Indeed, a lot of why we’re excited about full-on formal methods is that we see how valuable types are when programming with agents, both for easing the verification bottleneck and providing agents with better feedback, and that makes us excited to see how much more uplift could be available by leveraging more powerful proof techniques.

We have two things going for us: deep control of the language we're using, and a community of programmers who are ready for this.

Why do it here?

One question this raises is: why is Jane Street well positioned to work on this problem?
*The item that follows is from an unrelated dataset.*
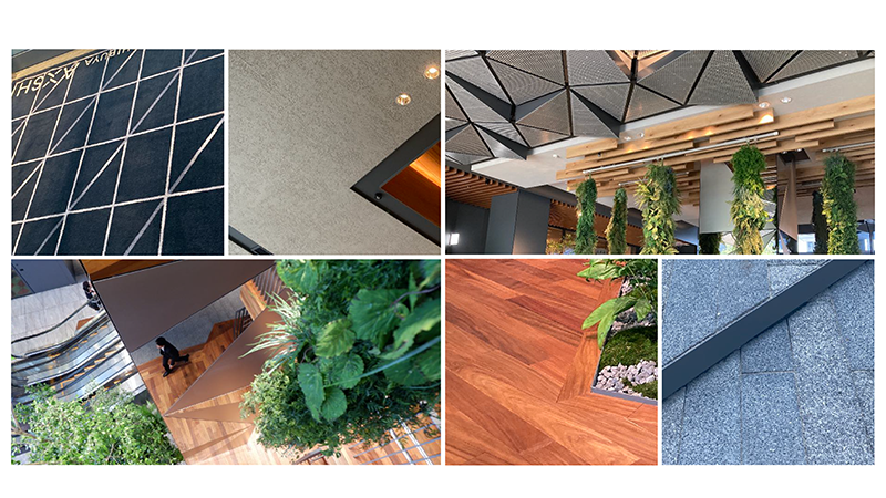 アトリウム同様にマテリアルミックスが多用されており、壁面ではダークグレーの塗装壁、ガラス、亜鉛メッキ鋼板、床材にはブラウンウォールナット材や白を基調としたチェッポストーンを切り替えて配置。天井は前述のミラー素材と明色の左官仕上げが切り替えで組み込まれています。これらの素材が訪問者の目を引き、空間を彩る多くの植栽のグリーンと響き合い、落ち着きの中にも明るさを感じる空間となっています。

The whole world is thinking about what agents mean for the future of programming, and there are endless startups looking for ways of mixing formal methods and agents. Why is this something we’d work on internally? And why should formal methods experts in the outside world be excited to join our efforts here?

For one thing, we have deep control of the language we’re using, and that lets us adjust that language to make it a better home for proof-oriented techniques. There are lots of potential directions to go here: from integrating modular specifications of properties into the type system, to adding type-level constraints around things like ownership and mutability to make certain kinds of proofs easier, to building proof techniques directly into the language.

We also have a community of programmers who are ready for this, or at least more ready than any serious programming community I’ve encountered. For most people who work on programming languages, the easy part is coming up with new and better ideas about how to make programming better. The hard part is convincing anyone to actually use those ideas for real work.

At Jane Street, things are different! We routinely have users angry at us because the new, weird type-system features we promised them aren’t coming fast enough. We have a lot of people with the right background to leverage these techniques, and a lot of baked in interest in getting things right and building high-quality software.

We think that user base will gives us the freedom to try a mixture of approaches; there are some near-term improvements we think we can make which will have pretty immediate impact, and some ambitious, longer-term visions for where we can get in a few years. Having an engaged and excited user base makes both of these approaches possible, and lets us learn from the first, while we build towards the second.

None of this is to say that we’re going to ignore work in the outside world. We’re excited and inspired by the work in a variety of other PL communities, built around tools like Lean, Dafny, Rocq, Agda, Iris, and too many more to mention. And we’re excited to look for ways of integrating OxCaml with some of these tools, to take advantage of the great infrastructure that’s already out there. But we also think there are some unique advantages that can only be realized by engaging with the language and the proof techniques at the same time.

Join us!

If this sounds interesting to you, consider applying! We’re looking for people in both London and New York. We’re in the early stages of interviewing people for these spots and building a team, and there’s an enormous amount of work ahead of us, and we’d love you to be a part of it.

Footnotes

  1. Our experience is that models still need help and guidance from humans in order to navigate a complex proof. A human programmer may have ideas about why a system works and how, at a high level, to go about proving it. But most programmers don’t know how to encode these proof ideas in a way that will satisfy a given proof system. Models can automate much of the drudgery and provide a ready source of expertise on the technical details of writing out a proof. 

  2. OK, well, maybe not all. There are escape hatches, like Obj.magic, that let you work around type-level constraints. But you can track and ban exceptions like that for most of your code, at which point you do get something very close to universal guarantees. And, indeed, formal methods can allow you to make it explicit why your use of those escape hatches is actually safe.